And we all know that the cost of the ASIC devices will plummet as the marginal cost of producing the chips after the initial investment is close to zero (or very low)

Everyone seems to be throwing that around but I don't see it happening.  The 3 manufacturers almost have a monopoly.  BFL will release first in all likelihood and they have a monopoly on "budget" hardware that's a bit slower but more affordable.  bASIC will have a monopoly on larger rigs that are actually built well.  All the pics I've seen suggest BFL uses REALLY sketchy parts like cheap fans and stuff.  And Avalon is releasing their products so unbelievably late, they're not even in the picture.

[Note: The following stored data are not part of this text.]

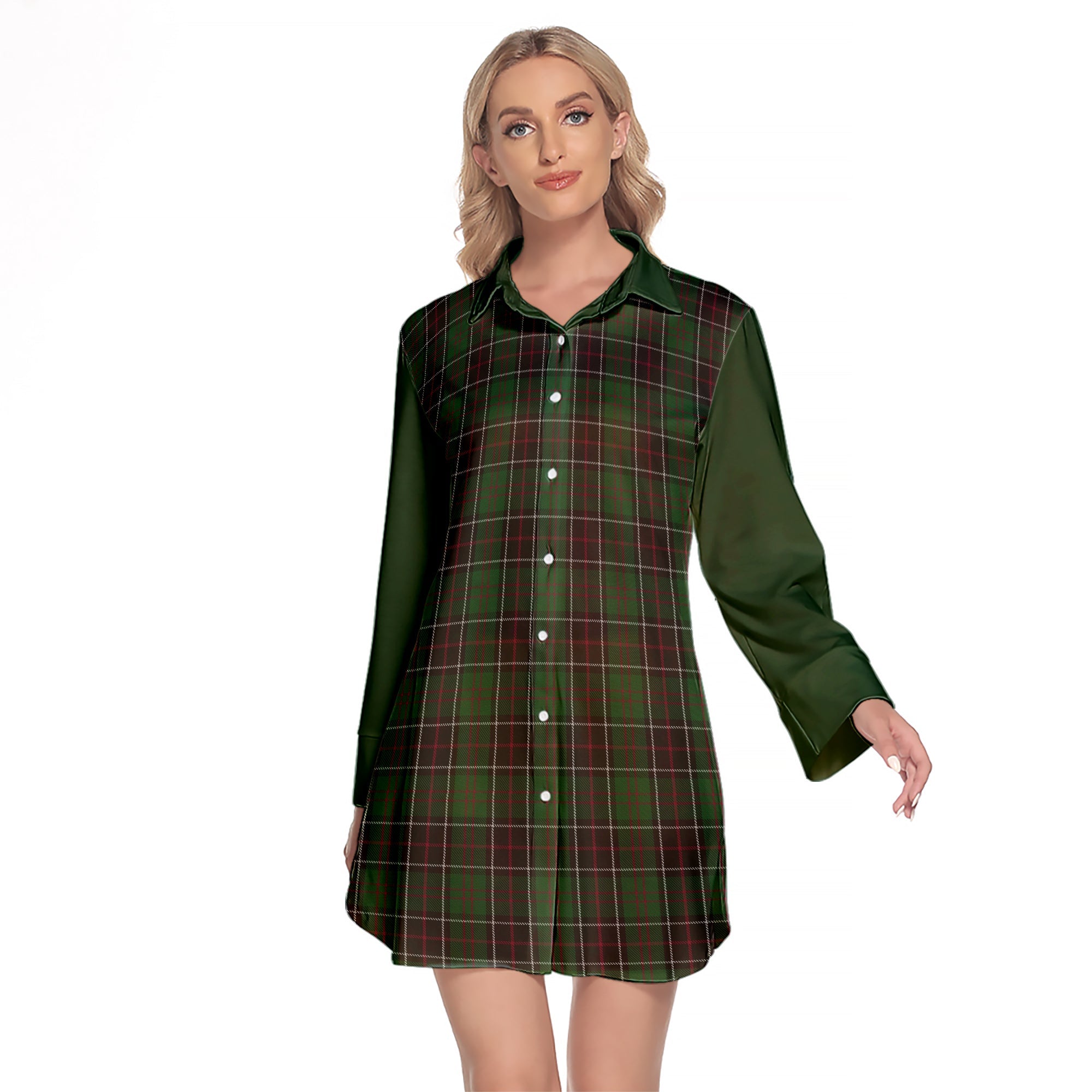 Sinclair Hunting Tartan Women's Lapel Shirt Dress With Long Sleeve
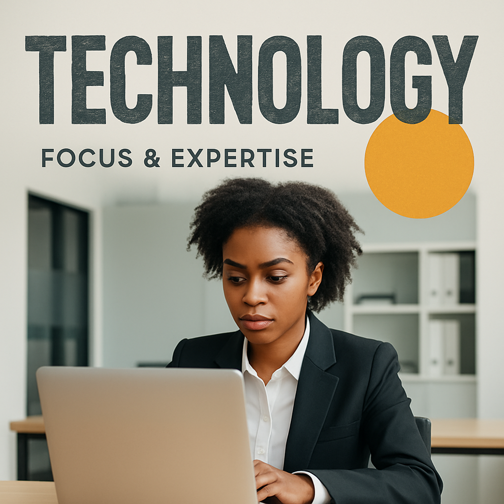 Engaging social media graphic illustrating a professional woman working on a laptop, emphasizing technology with bold typography and a minimalist design. Ideal for tech-related promotions.
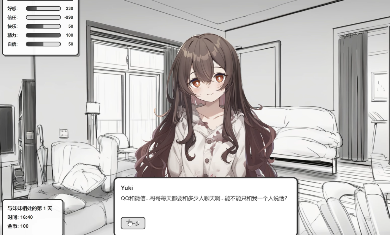 对于追求深度情感沉浸的玩家而言,常规的日常互动可能难以满足心理期待,而《妹居物语》手游中独设的“病娇模式”则提供了更具张力与层次的情感演进路径。该模式是Yuki角色的一条高辨识度剧情分支,以强烈占有欲、高度主动干预及跨次元交互为标志性特征。一旦触发,Yuki将不再隐藏情感倾向,转而以更直接、更富主观意志的方式介入玩家的数字生活。
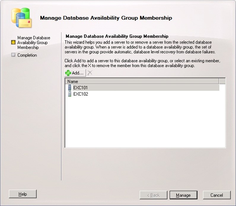 DAG yapısı oluşturmakbu kadar kolay. Bundan sonraki aşamalarda ise DAG yapıma exchange rollerinin kurulu olduğu sunucuları seçmem gerek. Bu işlemi shell ile yapabildiğim gibi oluşturduğum dag yapısına sağ tıklayarak dag yapıma katılacak sunucuları seçiyorum.
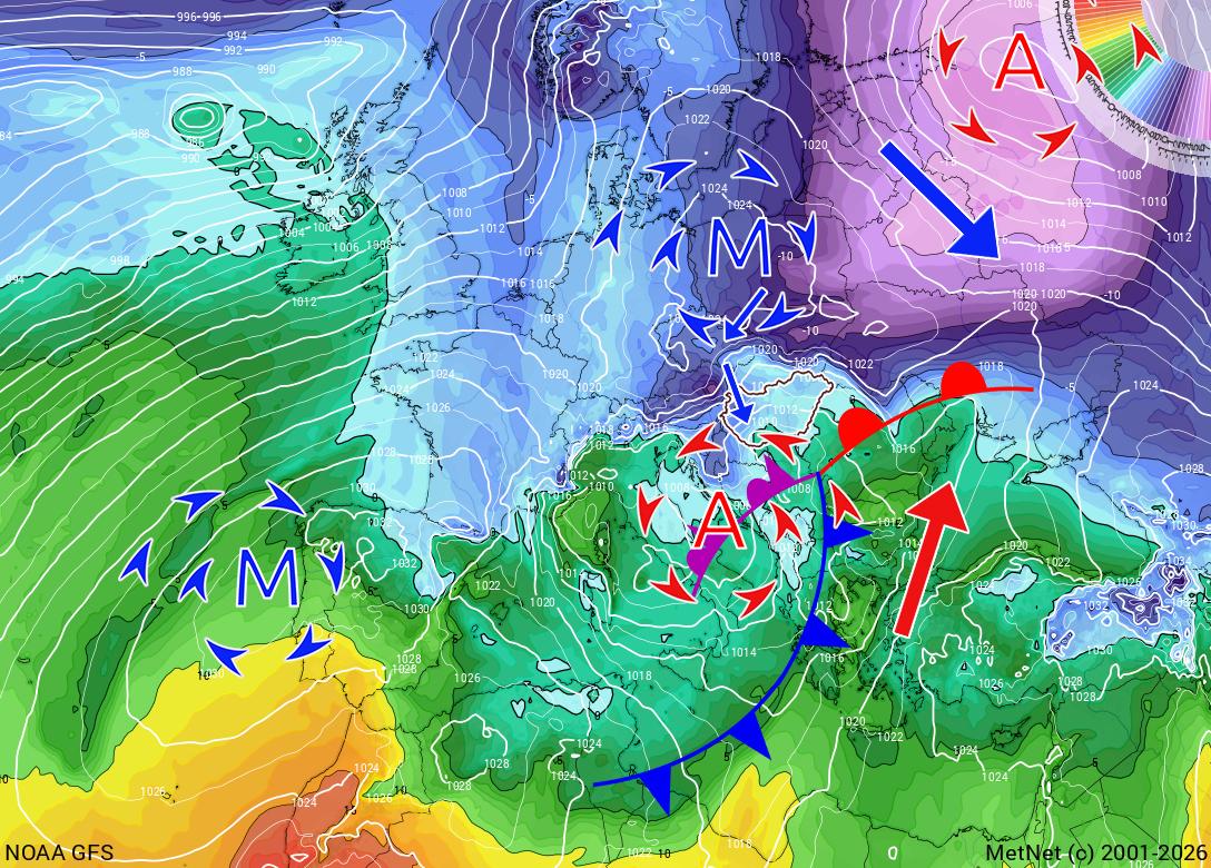 A kontinens időjárását a Kelet-Európa felett elhelyezkedő anticiklon és annak a délnyugati peremén örvénylő ciklon, illetve a Brit-szigetek felett örvénylő ciklon határozzák meg. A Brit-szigetek felett örvénylő ciklonból válik ki egy hullám, ami felelős lesz a mediterrán ciklon kialakulásáért. A kialakuló mediterrán ciklon előterében igen meleg levegő áramlik fölénk, miközben az anticiklon peremén elhelyezkedő ciklon hátoldalán hideg levegő indul el hazánk felé, és ez a két légtömeg fog a Kárpát-medence felett keveredni csütörtökön és pénteken.
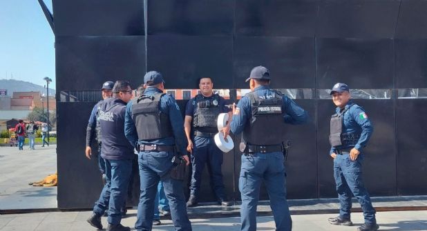 La mañana de este domingo, alrededor de las 10:00 horas, un camión sin rótulos llegó a las inmediaciones de Plaza Independencia en el centro de Pachuca, donde agentes de la Policía Municipal ya tenían el cercado del Reloj Monumental abierto para que más de 100 policías mujeres pudieran ingresar para resguardar el monumento.
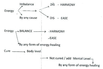 การบำบัดระดับจิต เขาว่าร่างกายคนเรา ประกอบด้วยการประสานงานระหว่างร่างกายกับจิต ก่อให้เกิดการสร้าง ดี.เอ็น.เอ. คือรหัสของเซลล์ ถ้าครอบครัวเคยมีประวัติปวดเข่า ก็ตามมาถึงรุ่นเราต่อไปว่ามักจะะปวดเข่า เพราะจาก ดี.เอ็น.เอ. ไปสร้างโครโมโซม ไปสร้างแกนกลางเซลล์ สร้างส่วนประกอบเป็นเซลล์ เป็นเนื้อเยื่อ เป็นอวัยวะ ถ้าเราบำบัดด้วยระดับร่างกายไม่หาย เพราะมันสืบทอดมาอย่างนั้น ให้เติมการบำบัดด้วยจิตของตัวเองเพิ่มเข้าไป คือรักษาด้วยจิตวิทยา เพราะเราเชื่อว่า You are what you eat. You are what you think. นั่นคือ เพิ่มการบำบัดผ่านรังสีคอสมิคที่มีการส่งคลื่นรอบตัวเราอยู่แล้วให้ทำการบำบัดด้วยระดับ spiritual level นั่นคือส่งกระแสจิตไปทำการบำบัดระหว่างที่ถูนวดหัวเข่าตรงที่เกิดบวมเพราะมีอะไรคั่งอยู่ตรงนั้น ให้สลายเบาบางไปด้วยอำนาจจิตตัวเอง หรืออำนาจจิตของผู้รักษา ดังที่หนังสือของ ดร.โรเบิร์ต เซนนี่ เคยเขียนหนังสือ The Power of Your Own Medicine, 1997

So that means they can all charge whatever they want.  Here's my theory.  Once a company has sold XX amount of mining hardware up front, jack up the price.  That's because for every ASIC miner you sell, you devalue your product.  The less people mining, the more you can charge because people's ROI calculations will result in a smaller time period.  Let's say it takes $50 to build a Jalapeno.  If the price is $300, less people will buy it but they'll be willing to pay more seeing as how less people are buying them.  Then it's just a cost of manufacturing thing.

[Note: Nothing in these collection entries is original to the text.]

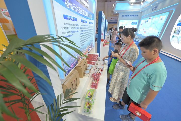 9月9日,參觀(guān)者在第二十三屆中國國際投資貿易洽談會(huì )中國印尼“兩國雙園”展區選購商品。新華社記者 林善傳 攝
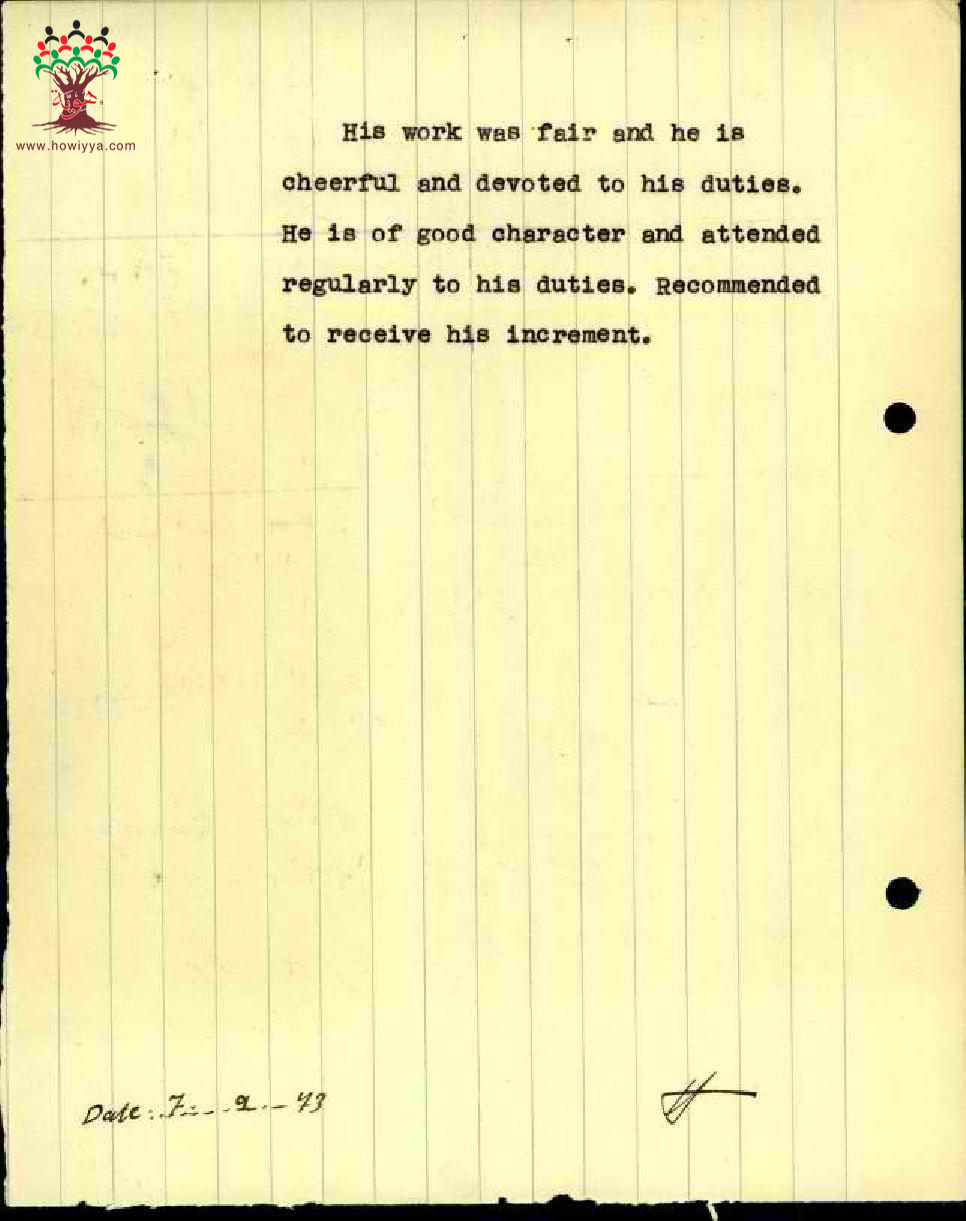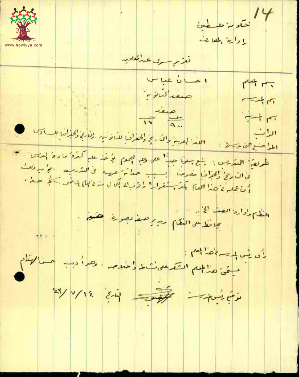 تقرير تفصيلي عن أداء المعلم إحسان عباس في مدرسة صفد الابتدائية سنة 1943
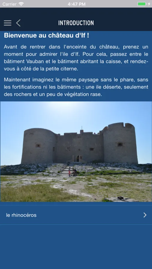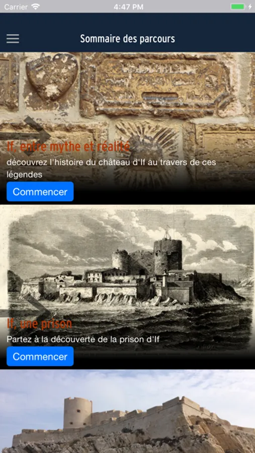 Pour une meilleure expérience de visite, cette application vous permettra d’explorer le château d’If à l’aide de deux parcours de visite inédits. Vous pourrez choisir de partir à sa découverte au travers de son histoire ou en déchiffrant ses nombreux graffitis de prisonniers. Revenez au XVIème siècle, époque à laquelle le roi François Ier décide de faire édifier cette forteresse pour défendre la ville des invasions étrangères par voie de mer.

But since we have faith in BTC and  its value continue to rise then this investment will pay off even after 6-12 months.
I wonder though what device/technology will be more "profitable" than ASICs in the future!

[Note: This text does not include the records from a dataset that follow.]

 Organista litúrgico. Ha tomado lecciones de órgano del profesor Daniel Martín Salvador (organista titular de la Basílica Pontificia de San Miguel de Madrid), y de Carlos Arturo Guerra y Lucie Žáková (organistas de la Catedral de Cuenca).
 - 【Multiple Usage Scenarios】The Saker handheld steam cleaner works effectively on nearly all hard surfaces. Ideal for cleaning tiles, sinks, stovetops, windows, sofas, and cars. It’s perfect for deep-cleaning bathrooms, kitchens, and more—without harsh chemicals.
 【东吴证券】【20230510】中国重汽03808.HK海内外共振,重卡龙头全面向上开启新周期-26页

You do know the more "faith" people have in bitcoins, the more ASICs will sell and the less money you'll make, right? Tongue  oh and since ASICs are basically the end of the technological ability of modern computers in relation to bitcoins since it's like a mini-computer designed to run mining calculations, it'd have to be quantum computers or something.  That or just faster ASICs with smaller nm transistors or whatever that can run at faster speeds but lower heat.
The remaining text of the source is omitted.